= PROVIDED INFORMATION =
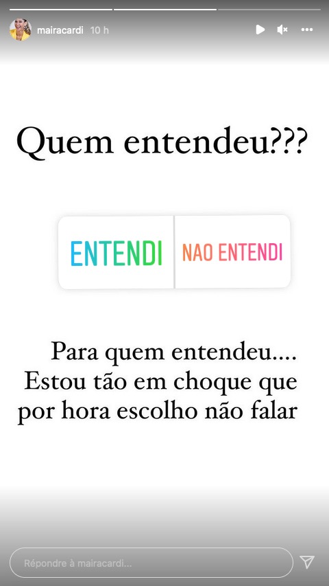 Maíra perguntou aos seguidores o que acharam da edição e colocou duas opções negativas para escolha, "péssimo" ou "descarado". Em seguida, a coach afirmou estar "em choque" e por isso escolheu não falar.
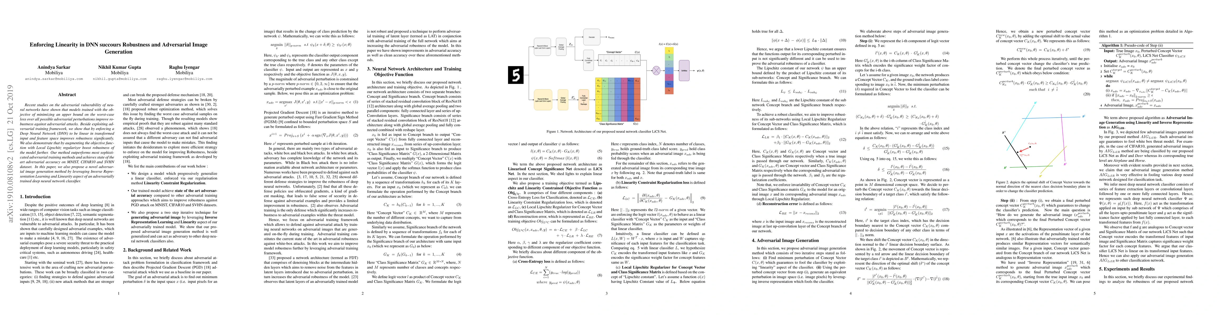 Recent studies on the adversarial vulnerability of neural networks have shown that models trained with the objective of minimizing an upper bound on the worst-case loss over all possible adversarial perturbations improve robustness against adversarial attacks. Beside exploiting adversarial training framework, we show that by enforcing a Deep Neural Network (DNN) to be linear in transformed input and feature space improves robustness significantly. We also demonstrate that by augmenting the objective function with Local Lipschitz regularizer boost robustness of the model further. Our method outperforms most sophisticated adversarial training methods and achieves state of the art adversarial accuracy on MNIST, CIFAR10 and SVHN dataset. In this paper, we also propose a novel adversarial image generation method by leveraging Inverse Representation Learning and Linearity aspect of an adversarially trained deep neural network classifier.
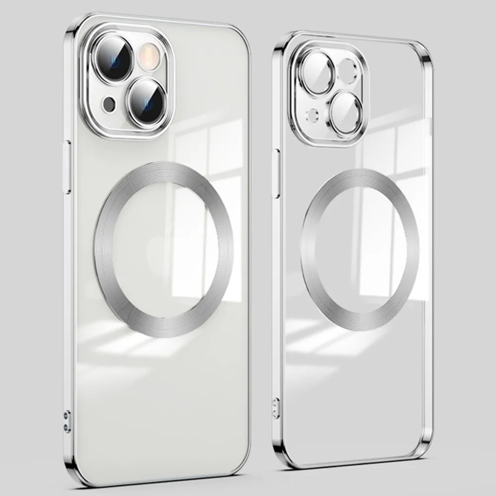 Átlátszó tok kameravédelemmel és MagSafe támogatással iPhone 14 készülékhez - ezüst színben
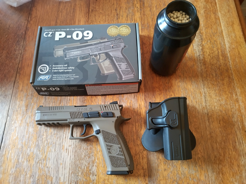 Die CZ P-09 GBB Pistole verfügt über einen sehr detaillierten Kunststoff-Schlitten, welcher mit sauberen CZ Markings versehen ist. Der Blowback Effekt dieses Modells ist knackig und kraftvoll, man merkt sofort, dass es sich hierbei um eine wirklich professionelle Airsoftwaffe handelt. Der Kunststoff Outer Barrel trägt wesentlich zu dem angenehmen Gesamtgewicht von knapp 1kg bei. Der Lauf beherbergt selbstverständlich das einstellbare Hopup, welches sich sehr präzise einstellen lässt.
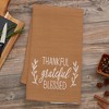 Elevate your home décor this fall with the "Thankful Grateful Blessed" Hand Towel, a perfect blend of style and functionality. Crafted from a durable 70% polyester and 30% cotton blend, this towel boasts a unique waffle weave texture that enhances absorbency while adding a touch of elegance. The heartwarming message is beautifully printed on the front, contrasting with the pristine white reverse side. Measuring approximately 20" W x 30" L, this versatile towel comes with a convenient corner hang ribbon on the back for easy display. Its machine-washable design ensures easy care, although minimal shrinkage may occur. Crafted with care and imported, each towel is sold individually, making it a perfect personal touch to your kitchen or bathroom. Celebrate the season with gratitude and style—bring home this delightful hand towel today.
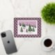 This card has a Victorian design in subtle pink, with a paisley background that looks like lace. “Christmas Blessings” is on the top in flowing script, and your name is on the bottom. The back has a faded image of the same Paisley design. This winter wonderland scene is from the Christmas Eve-Christmas Day collection, with a mauve background and frame. If you love the antique look, you’ll love this Victorian wintry scene. Blessings!
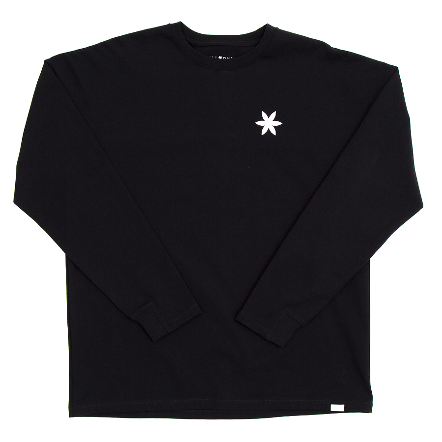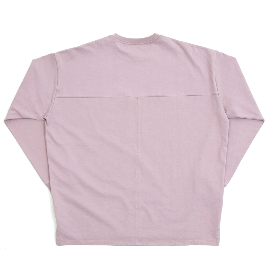 フライスリブの切り替えデザインを取り入れた袖が特徴的な1枚。バックの切り替え&巨大プリントも映える。Back Print Wide L/S Tee 各色すべて¥9,900

= TASK GOAL =
Please give all of the data again, exact and free of pictures.

= ANSWER SPACE =
 Maíra perguntou aos seguidores o que acharam da edição e colocou duas opções negativas para escolha, "péssimo" ou "descarado". Em seguida, a coach afirmou estar "em choque" e por isso escolheu não falar.
 Recent studies on the adversarial vulnerability of neural networks have shown that models trained with the objective of minimizing an upper bound on the worst-case loss over all possible adversarial perturbations improve robustness against adversarial attacks. Beside exploiting adversarial training framework, we show that by enforcing a Deep Neural Network (DNN) to be linear in transformed input and feature space improves robustness significantly. We also demonstrate that by augmenting the objective function with Local Lipschitz regularizer boost robustness of the model further. Our method outperforms most sophisticated adversarial training methods and achieves state of the art adversarial accuracy on MNIST, CIFAR10 and SVHN dataset. In this paper, we also propose a novel adversarial image generation method by leveraging Inverse Representation Learning and Linearity aspect of an adversarially trained deep neural network classifier.
 Átlátszó tok kameravédelemmel és MagSafe támogatással iPhone 14 készülékhez - ezüst színben
 Die CZ P-09 GBB Pistole verfügt über einen sehr detaillierten Kunststoff-Schlitten, welcher mit sauberen CZ Markings versehen ist. Der Blowback Effekt dieses Modells ist knackig und kraftvoll, man merkt sofort, dass es sich hierbei um eine wirklich professionelle Airsoftwaffe handelt. Der Kunststoff Outer Barrel trägt wesentlich zu dem angenehmen Gesamtgewicht von knapp 1kg bei. Der Lauf beherbergt selbstverständlich das einstellbare Hopup, welches sich sehr präzise einstellen lässt.
 Elevate your home décor this fall with the "Thankful Grateful Blessed" Hand Towel, a perfect blend of style and functionality. Crafted from a durable 70% polyester and 30% cotton blend, this towel boasts a unique waffle weave texture that enhances absorbency while adding a touch of elegance. The heartwarming message is beautifully printed on the front, contrasting with the pristine white reverse side. Measuring approximately 20" W x 30" L, this versatile towel comes with a convenient corner hang ribbon on the back for easy display. Its machine-washable design ensures easy care, although minimal shrinkage may occur. Crafted with care and imported, each towel is sold individually, making it a perfect personal touch to your kitchen or bathroom. Celebrate the season with gratitude and style—bring home this delightful hand towel today.
 This card has a Victorian design in subtle pink, with a paisley background that looks like lace. “Christmas Blessings” is on the top in flowing script, and your name is on the bottom. The back has a faded image of the same Paisley design. This winter wonderland scene is from the Christmas Eve-Christmas Day collection, with a mauve background and frame. If you love the antique look, you’ll love this Victorian wintry scene. Blessings!
 フライスリブの切り替えデザインを取り入れた袖が特徴的な1枚。バックの切り替え&巨大プリントも映える。Back Print Wide L/S Tee 各色すべて¥9,900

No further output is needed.